» Data listing:
━━━

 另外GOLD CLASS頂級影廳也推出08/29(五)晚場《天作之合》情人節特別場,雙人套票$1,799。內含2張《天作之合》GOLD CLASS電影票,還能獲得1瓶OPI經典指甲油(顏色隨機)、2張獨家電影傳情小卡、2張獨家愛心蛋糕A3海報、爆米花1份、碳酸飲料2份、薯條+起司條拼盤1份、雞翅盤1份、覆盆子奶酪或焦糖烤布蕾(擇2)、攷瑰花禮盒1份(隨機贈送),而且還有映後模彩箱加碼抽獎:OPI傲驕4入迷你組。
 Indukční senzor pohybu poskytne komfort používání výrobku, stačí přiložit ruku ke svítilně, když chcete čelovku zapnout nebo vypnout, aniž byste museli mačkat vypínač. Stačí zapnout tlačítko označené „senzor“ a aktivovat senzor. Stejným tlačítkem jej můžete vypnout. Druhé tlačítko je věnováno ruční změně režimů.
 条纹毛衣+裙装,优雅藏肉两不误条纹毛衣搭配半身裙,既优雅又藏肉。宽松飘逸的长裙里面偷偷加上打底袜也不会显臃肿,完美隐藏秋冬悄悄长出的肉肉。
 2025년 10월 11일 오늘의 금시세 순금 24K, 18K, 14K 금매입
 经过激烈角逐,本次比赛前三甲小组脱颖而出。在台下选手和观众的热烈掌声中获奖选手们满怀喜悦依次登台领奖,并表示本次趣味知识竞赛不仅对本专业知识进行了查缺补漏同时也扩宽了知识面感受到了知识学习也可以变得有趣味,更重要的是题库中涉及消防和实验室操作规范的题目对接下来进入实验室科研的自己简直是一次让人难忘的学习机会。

━━━

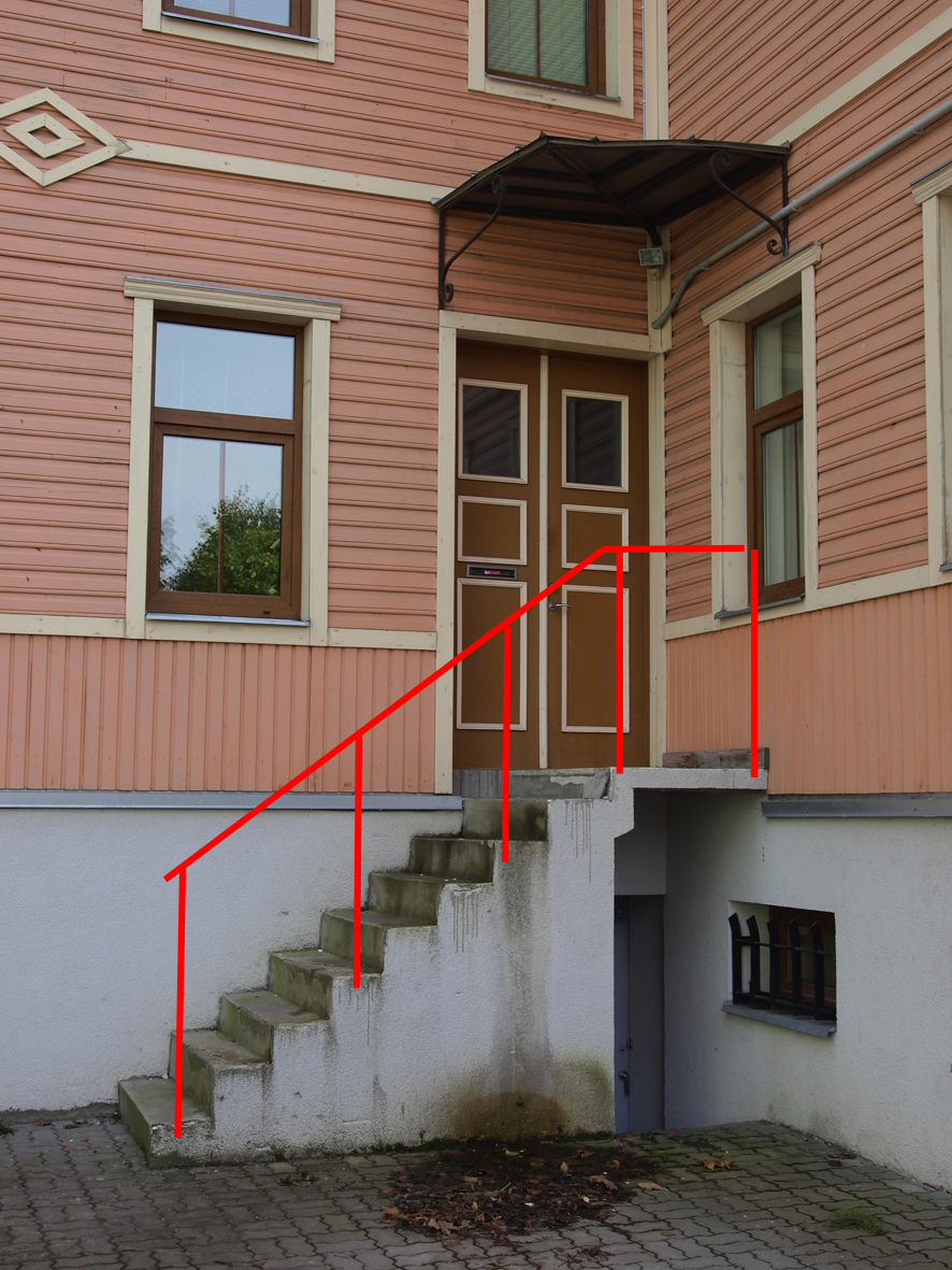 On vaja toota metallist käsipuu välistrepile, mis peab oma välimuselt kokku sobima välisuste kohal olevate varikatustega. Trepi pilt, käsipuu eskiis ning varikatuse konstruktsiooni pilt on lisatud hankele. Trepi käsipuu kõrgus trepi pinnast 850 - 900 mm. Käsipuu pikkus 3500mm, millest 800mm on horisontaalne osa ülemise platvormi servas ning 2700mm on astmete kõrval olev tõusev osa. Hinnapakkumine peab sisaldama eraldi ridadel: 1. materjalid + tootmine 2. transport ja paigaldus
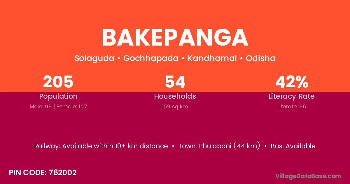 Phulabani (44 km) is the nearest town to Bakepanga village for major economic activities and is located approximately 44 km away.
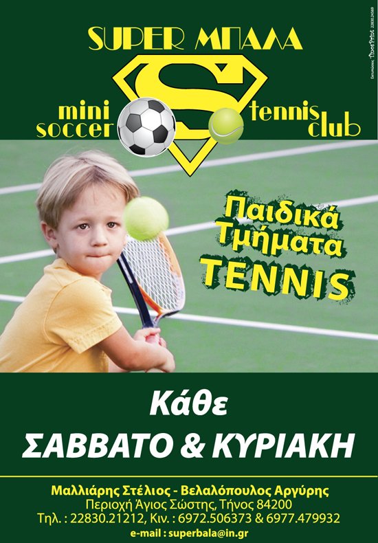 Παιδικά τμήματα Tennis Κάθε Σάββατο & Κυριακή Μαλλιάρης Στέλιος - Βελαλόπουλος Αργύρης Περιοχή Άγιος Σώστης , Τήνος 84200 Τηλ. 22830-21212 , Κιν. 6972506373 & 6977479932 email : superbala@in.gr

━━━

» Prompt: Starting at the line that has "条纹毛衣+裙装,优雅藏肉两不" and ending at the line that has "经过激烈角逐,本次比赛前三甲", please write out the lines above exactly, leaving out all others.

» Solved exercise:
 条纹毛衣+裙装,优雅藏肉两不误条纹毛衣搭配半身裙,既优雅又藏肉。宽松飘逸的长裙里面偷偷加上打底袜也不会显臃肿,完美隐藏秋冬悄悄长出的肉肉。
 2025년 10월 11일 오늘의 금시세 순금 24K, 18K, 14K 금매입
 经过激烈角逐,本次比赛前三甲小组脱颖而出。在台下选手和观众的热烈掌声中获奖选手们满怀喜悦依次登台领奖,并表示本次趣味知识竞赛不仅对本专业知识进行了查缺补漏同时也扩宽了知识面感受到了知识学习也可以变得有趣味,更重要的是题库中涉及消防和实验室操作规范的题目对接下来进入实验室科研的自己简直是一次让人难忘的学习机会。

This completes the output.